Funded by a large grant from the NEF, ‘Your Voice Matters. What’s Your Story?’ is a multifaceted project that creates a platform for the Needham High School community to share their stories and connect with one another, while also creating spaces for students to think critically and empathically. The authors of the grant, Kate Bergeron, Robyn Briggs, and Nicole Burnor, worked closely with Maria Sartori and other members of the FPA department to make this project come alive.
The project involves the creation of a professional gallery space at the high school which will have rotating exhibitions of student artwork based around various themes. The first exhibition is to be a Fine & Performing Arts (FPA) Department curated art show, ‘Your Voice Matters, What’s Your Story?’ centered around the theme of empathy as it relates to equity.

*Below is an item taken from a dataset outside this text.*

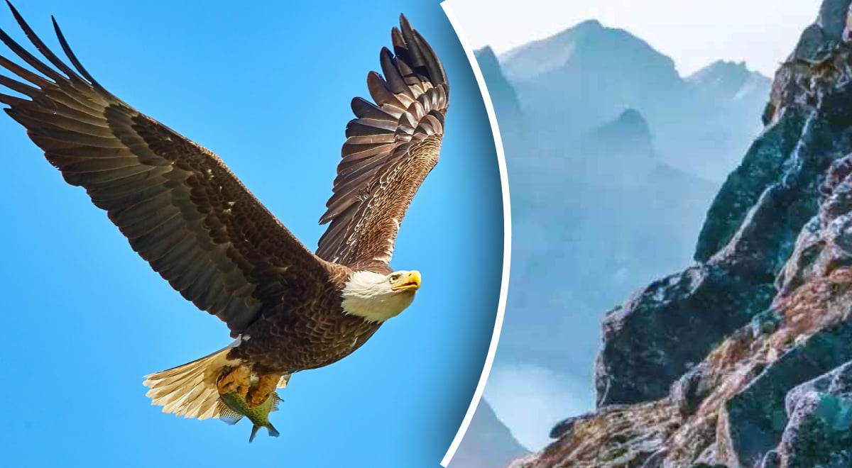 Najít orla v horách trvá 6 sekund / koláž: Glavred, foto: unsplash.com

While this inaugural exhibition was unable to take place in April as planned, many other components of the project have been accomplished and the work continues. According to the grant writers, before the abrupt COVID interruption last spring, they collaborated with a Boston-based community project duo, The Cauldron, who hosted a workshop on the high school’s One Day and taught a Master Class with the Senior Studios students. They also organized a FPA Department field trip to the Museum of Fine Arts to see the exhibition, Women Take the Floor. In addition, Senior Studios students collaborated to design and work on a permanent mural installation at Needham High School.

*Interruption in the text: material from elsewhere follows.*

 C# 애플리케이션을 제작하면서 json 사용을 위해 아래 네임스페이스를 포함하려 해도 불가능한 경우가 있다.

The grant writers also began, before the schools shut down, to order supplies for the new gallery space for visual and digital arts, Gallery 450’s, to be created in the new wing of the high school. These include items such as hanging supplies and display cases as well as a TV to exhibit digital art. They now continue to work on ordering supplies for the new gallery space.
And there are more benefits to come from this innovative program. As Nicole Burnor put it, “We are also looking forward to collaborating with Own Your Peace and to continue creating spaces for our students to build community and foster the value of diversity.”